Carson knew that. He also understood the stress he was about to put on that promise. “When you were shot, did you hate the shooter?”
Grant went absolutely still, quite a feat for the man who was always moving, tapping fingers or a foot in time with whatever beat the bands on stage were playing. “Yes.”
“Given the chance, would you...would you have done something stupid?”
“I’m not on the force anymore, but I do not want to hear your definition of stupid,” Grant replied. “I will admit my hate and frustrations eased when I found a new outlet and purpose.”

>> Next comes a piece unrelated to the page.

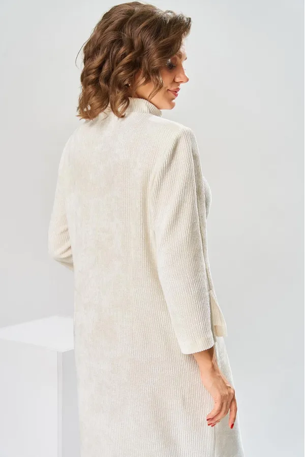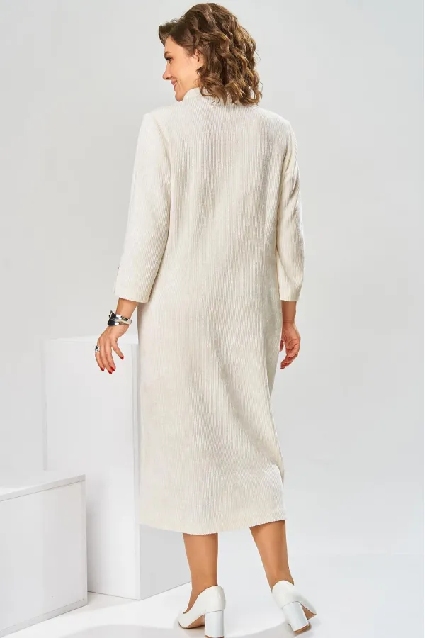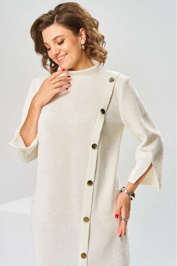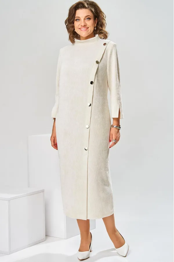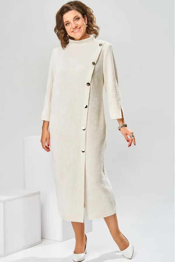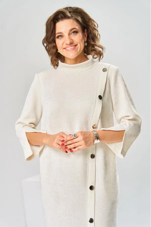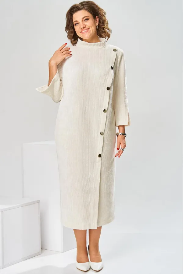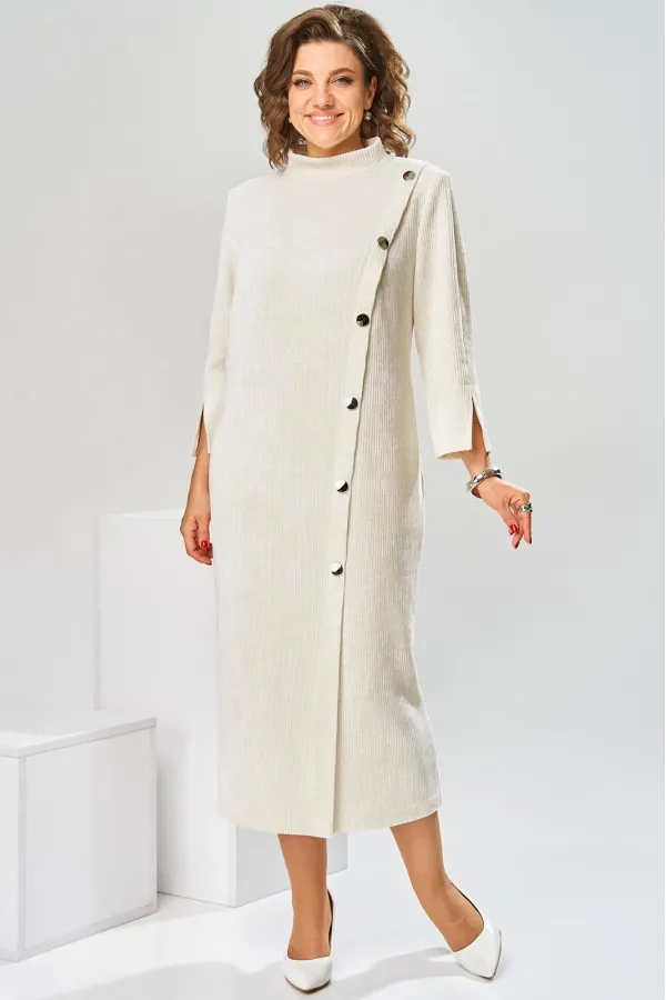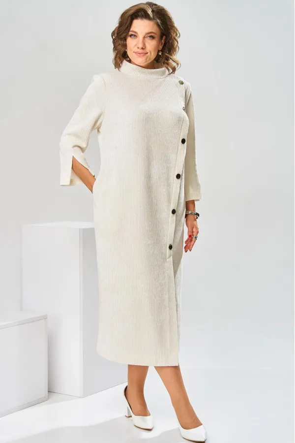 Платье женское предназначено для повседневной носки. Платье женское полу прилегающего силуэта, длиной до нижней части икры. Перед с 1-ной нагрудной вытачкой на центральной части, с 1-ним отрезным рельефом слева, выходящим из плечевого шва, шов соединения рельефа с передом декорирован 6-ю пришивными пуговицами и заканчивается шлицей. Спинка с 2-мя таллиевыми вытачками. В боковых швах обработаны карманы. Горловина круглая с втачной стойкой. Рукав втачной, 2-х шовный, длиной 7/8, верхний шов с разрезом. Платье с плечевыми накладками. Длина спинки платья 126 см, длина рукава 51 см.

“Even after the shooter was acquitted?” Carson queried.
“That was a hard day,” Grant admitted. “Alcohol might have been involved in shaking off the news.”
“He ended your career and irrevocably changed your life. How the hell do you get over that?” Carson realized too late he was shouting, and his hands were balled up into tight fists on Grant’s desk. He stretched his fingers wide and raised his hands, palms out in surrender as he sat back into the chair. “Sorry.”
“No need for apologies.” Grant tapped out a quick syncopation on the desktop. “Neither you nor I was charged with negligence or any kind of errors in our unfortunate incidents.”
Carson rolled his shoulders against the prickle of self-loathing sliding down his spine. Being cleared by an official report couldn’t bring Sarah back to life. If he hadn’t made a mistake somewhere during that call, Sarah and he would still be on the job together. Until he identified his mistake, he shouldn’t be trusted as a full-time partner.
“What do you do when you’re not here or subbing on a rig?” Grant asked.
“The police call me in as a sketch artist occasionally. I still help out a friend in the PFD who flips houses on the side.” On the days when his friend had work that didn’t aggravate Carson’s knee injury too much.
“What do you do for yourself?”
Carson shook his head. There was nothing else. What life did he deserve after letting Sarah die? Every time that night replayed through his mind, he searched for an alternate ending. If he’d taken a different route to the call, if he’d handled the victim differently, would she still be here? Maybe, technically speaking, they’d done everything right and yet Sarah had been killed when two other men stormed the ambulance and robbed it. He had to be sure he wouldn’t repeat the mistakes that got her killed.
“I keep waking up,” Carson said at last. “Keep hauling myself out of bed.” It was a lousy answer, but he was pretty sure Grant, having been through something similar, could see right through his excuses. “Someone said it would get easier.”
“Time heals all wounds?” Grant let loose a bark of laughter. “Yeah, that someone is full of crap if they didn’t finish that theoretical statement.”
“What do you mean?”
“It gets easier only when you start letting go.” Grant sat forward again. “You let go only when you start living again. I’m not you, son, and our experiences are different, but shifting the focus from the past, being in the present and finding something to look forward to, carried me through the worst of it.”
Carson didn’t think that accounted for the fear and doubt that plagued him in those rare moments when he managed to shake off the worst of the guilt. “You’re suggesting I find a hobby or something?”
“I’m suggesting you look for something outside my kitchen and your friends in the first responder circles,” Grant said. “And I want to hear how much you enjoy that something.”
By the tone, Carson heard the words as an order rather than a suggestion. “Got it.” He pushed to his feet and left the office, returning to the kitchen to finish up the last responsibilities for his shift. As he went through the motions of closing and cleaning, he forced his mind to think about alternatives for tomorrow instead of dwelling in the past. Other than his family, he didn’t have close friends who weren’t connected to the police or fire departments. Where was he supposed to start searching for a new hobby?